Invincible operated from Coast Guard Station Sandy Hook from 1935 and later transferred under her own power in 1941 to the Pacific Northwest coast, where she operated from Grays Harbor Lifeboat Station and later Coos Bay Lifeboat Station until 1967, when she was transferred to the Navy.

In 1959, Invincible rolled over but did not sink, as the engine room vents and exhaust had been modified to resist water ingress. On January 28, 1960, the Invincibles engine stalled after she rolled 90–100° to port while transiting the Grays Harbor Bar and she was taken in tow by the fishing vessel Barbara Lee; the Barbara Lee subsequently capsized after being struck by a sneaker wave, and a 36-foot motor lifeboat was dispatched to hold Invincible until she could be towed to safety by . One of the three crew members aboard Barbara Lee was rescued; the other two were killed.

As of 2009, ex-Invincible was still afloat as a stripped-down hulk, having been converted to a fishing vessel at some point after leaving government service.

===Triumph (CG 52301)===
Triumph operated from Coast Guard Station Point Adams from 1935 until she capsized off the coast of Oregon on January 12, 1961, during the rescue of a disabled fishing vessel, Mermaid, which also was lost. Triumph later was re-righted and washed ashore. Modern motor lifeboats are designed to be self-righting by incorporating buoyancy chambers within the hull which rapidly force the boats right-side-up if they overturn.

That night, a 36-foot motor lifeboat, CG-36454, and a 40-foot utility boat (UTB), CG-40564, both from Cape Disappointment Lifeboat Station, responded to a distress call from the 38-foot crab boat Mermaid from Ilwaco, Washington, which had lost its rudder at the mouth of the Columbia River. Mermaids mayday call was relayed to Cape Disappointment at approximately 4:15 p.m. and CG-40564 began towing Mermaid. The UTB radioed Point Adams for assistance, as she could not surmount the waves at the mouth bar, and Triumph was dispatched. When she arrived at approximately 7 p.m., Triumph took up the tow.

During the initial rescue, CG-36454 developed a leak and collided with CG-40564, resulting in a leak in the 36' MLB's stern compartment.
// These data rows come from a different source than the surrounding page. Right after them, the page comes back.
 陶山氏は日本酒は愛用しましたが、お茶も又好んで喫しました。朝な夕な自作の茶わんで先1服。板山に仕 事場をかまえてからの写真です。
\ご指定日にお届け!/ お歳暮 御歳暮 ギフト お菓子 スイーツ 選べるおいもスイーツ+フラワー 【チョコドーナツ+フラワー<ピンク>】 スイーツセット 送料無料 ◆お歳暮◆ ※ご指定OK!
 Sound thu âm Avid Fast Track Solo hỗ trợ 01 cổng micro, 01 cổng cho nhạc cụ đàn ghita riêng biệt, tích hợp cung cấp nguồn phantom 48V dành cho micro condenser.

After passing the tow to Triumph, the 40' UTB was crossing the bar when a large wave caused CG-40564 to founder, and the 36' MLB also was swamped by large waves, but the 36' MLB re-righted and, after rescuing the crew of CG-40564, radioed Point Adams and proceeded 7 mi west to the lightship and put the survivors on the lightship safely. Point Adams dispatched two more 36' MLBs, CG-36554 and CG-36535, to assist Triumph.
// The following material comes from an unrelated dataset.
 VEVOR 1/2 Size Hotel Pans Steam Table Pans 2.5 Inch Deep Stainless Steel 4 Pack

At 7:30 and again at 7:45 p.m., heavy waves parted the tow line from Triumph, which radioed Point Adams it was attempting another rescue at 8 p.m.; however, Mermaid sent out another distress call at 8:13 p.m., advising that Triumph had capsized and that one of its crew had been rescued by Mermaid. After the 36' MLBs CG-36554 and CG-36535 arrived, CG-36535 began towing Mermaid at 9:10 p.m., but another large breaking wave parted the line at 9:45 p.m., sinking Mermaid; Coast Guard aircraft arrived with around 10 p.m. and began searching for survivors. In total, seven were killed: both crew members of Mermaid and five of the six aboard Triumph; the sole survivor from Triumph, Gordon Huggins, who was not the one rescued by Mermaid, was found onshore by a foot patrol at 10:45 p.m. Huggins died in March 2019.